Let $V_t(n)$ be the minimum worst-case number of comparisons needed to find the $t$-th largest of $n$ elements, and assume $1 < t < n$.

Let $W_t(n)$ be the analogous quantity for selecting the $t$ largest elements.

Both problems are modeled by binary decision trees whose internal nodes are comparisons and whose leaves specify a correct output.

We prove strict monotonicity for $V_t(n)$; the proof for $W_t(n)$ is analogous.

1. Strict increase of $V_t(n)$

Step 1: Assume an optimal $n$-element algorithm

Let $T_n$ be an optimal decision tree for the $t$-th selection problem on $n$ elements, with worst-case depth

$$ h = V_t(n). $$

Fix an element $x$ that is not among the original $n-1$ inputs. We will use $x$ as a “probe” element.
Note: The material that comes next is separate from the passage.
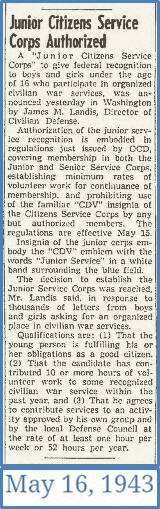 ![]() The Junior Citizens Service Corp worked in cooperation with other youth groups. |

Step 2: Construct two extensions of any $(n-1)$-input

Take any fixed input $A = (a_1,\dots,a_{n-1})$. Form two $n$-element inputs:

  • $A^{\max} = A \cup {x}$, where $x$ is larger than all $a_i$,
  • $A^{\min} = A \cup {x}$, where $x$ is smaller than all $a_i$.

Observe:

  • In $A^{\max}$, the $t$-th largest element among $n$ items corresponds to the $(t-1)$-th largest among the $a_i$.
  • In $A^{\min}$, it corresponds to the $t$-th largest among the $a_i$.
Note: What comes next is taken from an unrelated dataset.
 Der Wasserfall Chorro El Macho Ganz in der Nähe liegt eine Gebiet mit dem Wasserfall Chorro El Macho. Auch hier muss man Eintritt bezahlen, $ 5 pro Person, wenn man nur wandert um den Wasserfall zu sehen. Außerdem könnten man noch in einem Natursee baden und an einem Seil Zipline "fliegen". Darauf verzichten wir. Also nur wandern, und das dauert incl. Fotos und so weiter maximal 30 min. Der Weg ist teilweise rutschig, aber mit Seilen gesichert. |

Since $1 < t < n$, these are different selection problems on the same $A$.

Step 3: Key structural claim

Consider the execution of $T_n$ on $A^{\max}$ and $A^{\min}$, following the same underlying comparisons among the $a_i$.

If along a root-to-leaf path of $T_n$ no comparison involving $x$ occurs, then both inputs $A^{\max}$ and $A^{\min}$ follow exactly the same path and reach the same leaf.

But a leaf outputs a fixed set of decisions. It cannot simultaneously be correct for both cases, because:

  • in $A^{\max}$, the output must account for $x$ being above all $a_i$,
  • in $A^{\min}$, it must account for $x$ being below all $a_i$,

which changes whether the rank threshold among the $a_i$ is $t$ or $t-1$.

Hence:

Every root-to-leaf path of $T_n$, when restricted to inputs of the form $A \cup {x}$, must contain at least one comparison involving $x$.

Step 4: Reduction to an $(n-1)$-comparison process

Now fix an $(n-1)$-input $A$. Run $T_n$ on both $A^{\max}$ and $A^{\min}$, synchronizing all comparisons among the $a_i$.

From Step 3, along the execution path on $A^{\max}$ (and similarly $A^{\min}$), a comparison with $x$ must occur.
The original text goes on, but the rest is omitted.